Design e Construção
O casco do 411 é um monocasco de fibra de vidro maciça com uma quilha de aleta e leme sobre skeg, carregando 9700 libras de lastro de chumbo para um deslocamento de 23148 libras e um calado de 7 pés e 6 polegadas. A disciplina de construção da Nautor colocou aqui a forma do casco em primeiro lugar: o conforto interior não foi permitido para comprometer as obras vivas. O porão profundo proporciona um pé-direito generoso sem a necessidade de uma obra morta alta, e a borda livre baixa revela-se uma verdadeira bênção no cais, onde subir a bordo através da porta de regala é um passo fácil e não uma escalada. Um poço na sentina permite que o barco seja lavado e esvaziado quando está parado, um detalhe consistente nos veleiros da marca da época.
Aparelho e Manobrabilidade
O seu aparelho à testa do mastro com quilha assente era originalmente um sloop, embora os proprietários tenham convertido alguns exemplares para configuração de cúter com um brandal fixo permanente. O mastro é suficientemente robusto para que as brandais volantes só sejam necessárias ao bolinar com tempo forte, e os analistas salientam que raramente precisará delas, pelo que as viradas por avante rápidas não são uma tarefa tão trabalhosa como poderiam ser num aparelho com menos estais.

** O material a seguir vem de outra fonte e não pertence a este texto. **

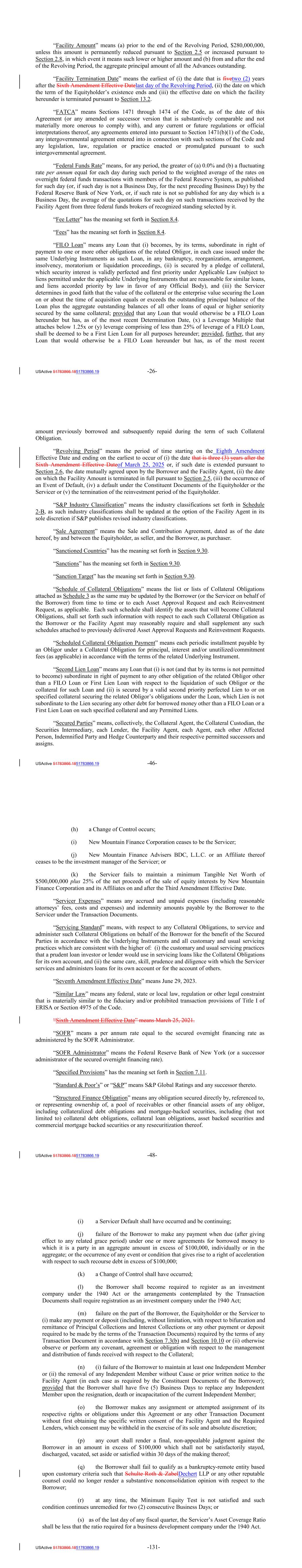 “Facility Amount” means (a) prior to the end of the Revolving Period, $280,000,000, unless this amount is permanently reduced pursuant to Section 2.5 or increased pursuant to Section 2.8, in which event it means such lower or higher amount and (b) from and after the end of the Revolving Period, the aggregate principal amount of all the Advances outstanding. “Facility Termination Date” means the earliest of (i) the date that is fivetwo (2) years after the Sixth Amendment Effective Datelast day of the Revolving Period, (ii) the date on which the term of the Equityholder’s existence ends and (iii) the effective date on which the facility hereunder is terminated pursuant to Section 13.2. “FATCA” means Sections 1471 through 1474 of the Code, as of the date of this Agreement (or any amended or successor version that is substantively comparable and not materially more onerous to comply with), and any current or future regulations or official interpretations thereof, any agreements entered into pursuant to Section 1471(b)(1) of the Code, any intergovernmental agreement entered into in connection with such sections of the Code and any legislation, law, regulation or practice enacted or promulgated pursuant to such intergovernmental agreement. “Federal Funds Rate” means, for any period, the greater of (a) 0.0% and (b) a fluctuating rate per annum equal for each day during such period to the weighted average of the rates on overnight federal funds transactions with members of the Federal Reserve System, as published for such day (or, if such day is not a Business Day, for the next preceding Business Day) by the Federal Reserve Bank of New York, or, if such rate is not so published for any day which is a Business Day, the average of the quotations for such day on such transactions received by the Facility Agent from three federal funds brokers of recognized standing selected by it. “Fee Letter” has the meaning set forth in Section 8.4. “Fees” has the meaning set forth in Section 8.4. “FILO Loan” means any Loan that (i) becomes, by its terms, subordinate in right of payment to one or more other obligations of the related Obligor, in each case issued under the same Underlying Instruments as such Loan, in any bankruptcy, reorganization, arrangement, insolvency, moratorium or liquidation proceedings, (ii) is secured by a pledge of collateral, which security interest is validly perfected and first priority under Applicable Law (subject to liens permitted under the applicable Underlying Instruments that are reasonable for similar loans, and liens accorded priority by law in favor of any Official Body), and (iii) the Servicer determines in good faith that the value of the collateral or the enterprise value securing the Loan on or about the time of acquisition equals or exceeds the outstanding principal balance of the Loan plus the aggregate outstanding balances of all other loans of equal or higher seniority secured by the same collateral; provided that any Loan that would otherwise be a FILO Loan hereunder but has, as of the most recent Determination Date, (x) a Leverage Multiple that attaches below 1.25x or (y) leverage comprising of less than 25% of leverage of a FILO Loan, shall be deemed to be a First Lien Loan for all purposes hereunder; provided, further, that any Loan that would otherwise be a FILO Loan hereunder but has, as of the most recent USActive 51783866.1851783866.19 -26- amount previously borrowed and subsequently repaid during the term of such Collateral Obligation. “Revolving Period” means the period of time starting on the Eighth Amendment Effective Date and ending on the earliest to occur of (i) the date that is three (3) years after the Sixth Amendment Effective Dateof March 25, 2025 or, if such date is extended pursuant to Section 2.6, the date mutually agreed upon by the Borrower and the Facility Agent, (ii) the date on which the Facility Amount is terminated in full pursuant to Section 2.5, (iii) the occurrence of an Event of Default, (iv) a default under the Constituent Documents of the Equityholder or the Servicer or (v) the termination of the reinvestment period of the Equityholder. “S&P Industry Classification” means the industry classifications set forth in Schedule 2-B, as such industry classifications shall be updated at the option of the Facility Agent in its sole discretion if S&P publishes revised industry classifications. “Sale Agreement” means the Sale and Contribution Agreement, dated as of the date hereof, by and between the Equityholder, as seller, and the Borrower, as purchaser. “Sanctioned Countries” has the meaning set forth in Section 9.30. “Sanctions” has the meaning set forth in Section 9.30. “Sanction Target” has the meaning set forth in Section 9.30. “Schedule of Collateral Obligations” means the list or lists of Collateral Obligations attached as Schedule 3 as the same may be updated by the Borrower (or the Servicer on behalf of the Borrower) from time to time or to each Asset Approval Request and each Reinvestment Request, as applicable. Each such schedule shall identify the assets that will become Collateral Obligations, shall set forth such information with respect to each such Collateral Obligation as the Borrower or the Facility Agent may reasonably require and shall supplement any such schedules attached to previously delivered Asset Approval Requests and Reinvestment Requests. “Scheduled Collateral Obligation Payment” means each periodic installment payable by an Obligor under a Collateral Obligation for principal, interest and/or unutilized/commitment fees (as applicable) in accordance with the terms of the related Underlying Instrument. “Second Lien Loan” means any Loan that (i) is not (and that by its terms is not permitted to become) subordinate in right of payment to any other obligation of the related Obligor other than a FILO Loan or First Lien Loan with respect to the liquidatio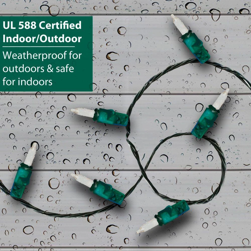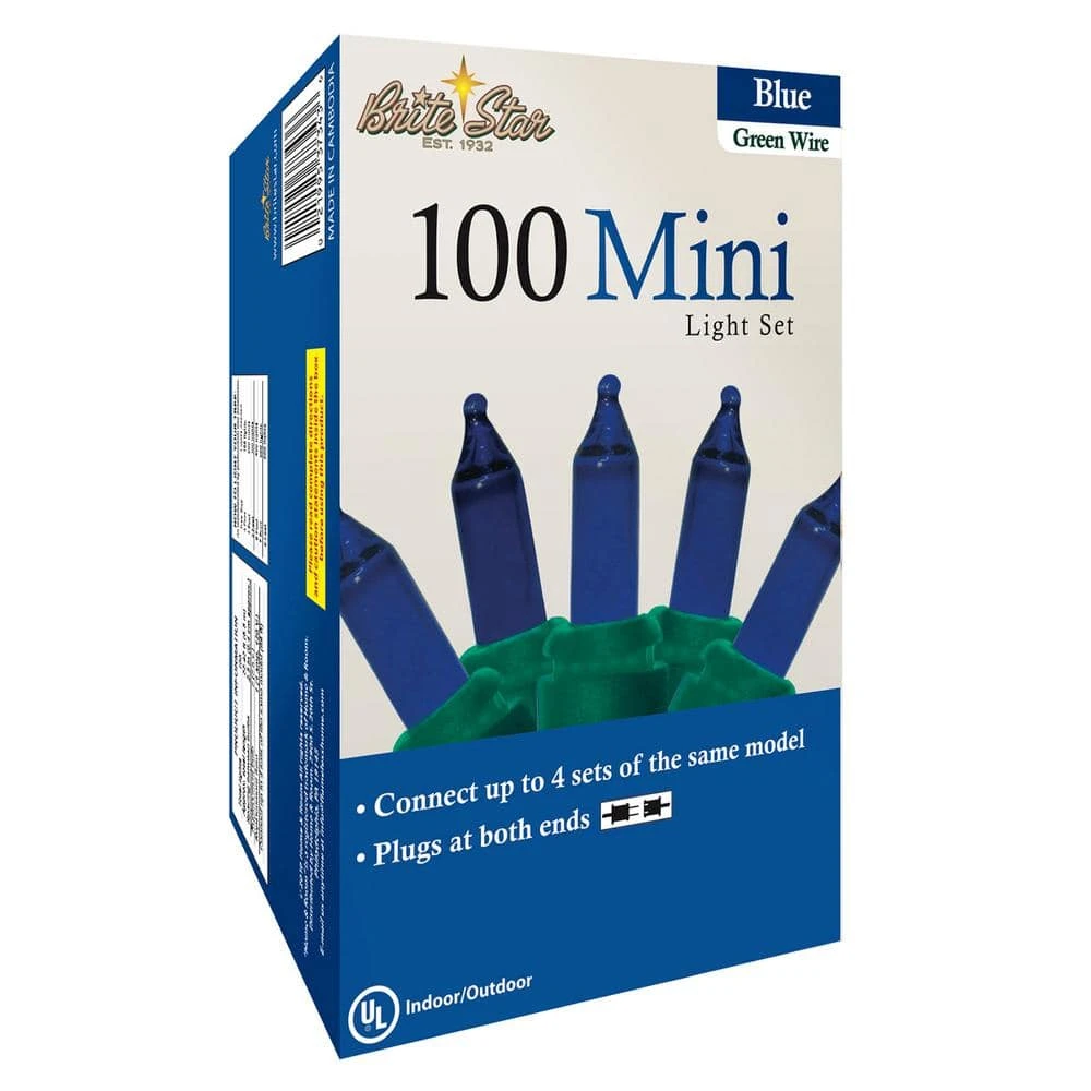Add a festive glow to your home with these Blue Mini Lights. Connect up to 4 sets (sold separately) for an extra-brilliant presentation. Each 22.4 ft. long strand has 100 incandescent lights for total 200-count lights per box. Replacement bulbs and fuses included. Suitable for indoor and outdoor use, UL-listed, box of 2.

A genoa é uma besta, mas a traquetinha é fácil de manusear. A escota da grande e o carro da escota estão montados a proa da plataforma de ligação, levados a um molinete ali; isto mantém a escota livre da tripulação durante as cambadas. As adriças são operadas no mastro, embora pudessem ser levadas para a ré para melhorar a segurança e reduzir o atrito.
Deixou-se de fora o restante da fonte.